Already, we have made some really impressive progress. One year after the London Summit, 8.4 million additional women and girls were using modern contraceptives. According to FP2020 estimates, this translates to 77 million unintended pregnancies averted and 125,000 lives saved from complications due to unintended pregnancies, which is pretty incredible. In some countries we are seeing unprecedented progress. For example, Senegal recently announced that 20 percent of married women are now using modern family planning methods, an increase from 16 percent in 2013. This is the largest gain a West African country has ever made in a single year. But progress is not always the same thing as success, and there is still a lot further to go. Some countries still do not have plans in place to guide their national family planning strategies, and others do not have the financing to put their plans into action. Donors and governments in developing countries have to continue to work together and use the available evidence to build and execute strong country plans that will accelerate progress.
There are a wide variety of strongly held views about contraception in politics, religion, and various cultures around the world. How do you intend to address reservations?

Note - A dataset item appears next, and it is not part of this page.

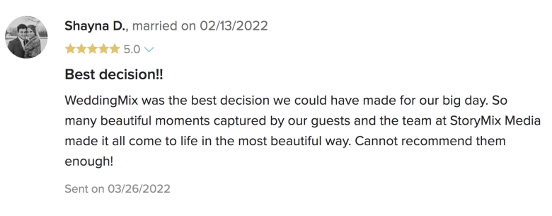 Here's the affordable photo booth experience that's easy and fun for everyone. The photo strip, boomerang, and video message features are powered by the custom Storymix booth software, ensuring a seamless and enjoyable experience for you and your guests. You also get our #1 rated photo and video app, QR code, and web upload link to capture all your guest's memories. Plus, our award-winning customer service team is dedicated to making your dream wedding a reality.

I think that most people agree that women should be able to lead healthy and productive lives. And I think most people also agree that if there is something we can do to save women’s lives and help children grow up healthier and with more opportunities, we should do it. So it is important that we start these conversations by focusing on the areas where there is consensus—since there are a lot of things we agree on.

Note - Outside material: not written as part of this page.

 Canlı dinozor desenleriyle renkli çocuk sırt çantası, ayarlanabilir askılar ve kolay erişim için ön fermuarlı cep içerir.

How does the Gates Foundation work with governments to help countries reach their family planning goals?
We support countries’ efforts to create and implement their national strategies to increase access to family planning. That looks different in each country because each country has different needs and different contexts. Let me give you an example. In Senegal, one thing we kept hearing from women is that they would go to the clinic to pick up their contraceptives—often traveling really long distances—but the contraceptives they needed would be out of stock at the clinics. Imagine going to a drugstore in the US to get a prescription and being told, “No I’m sorry, we’re out—and we don’t know when we’ll have more.” These clinics in Senegal were out of stock 150 days of the year! In collaboration with the government of Senegal and local partners, we piloted a new supply chain model in a few districts that virtually eliminated stockouts. Now, the government of Senegal is taking the lessons learned from that pilot project and using them to improve supply chains across the country. Generally speaking, our foundation works with governments and our partners to explore promising innovations that can be taken to scale.
When implementing a program to increase access to contraceptives, how does the Foundation convince governments to invest in this policy initiative and look at it from the perspective of individual choice, rather than from the more macroscopic point of view? How are you making sure your message is clear throughout the process of implementation?
Our approach begins with the basic belief that we can initiate a virtuous cycle of prosperity if every woman and girl is empowered to lead the lives they want and deserve. We support country governments that share this belief and are leading the development and implementation of their own national plans to expand access to family planning. Thanks to successful advocacy efforts at the global and local levels, more government decision makers recognize that family planning is a key intervention to improve maternal, newborn, and child health. They also recognize that healthy mothers and children are the bedrock of healthy and prosperous societies. So, it is easy to make the case that family planning is one of the best investments a country can make in its future.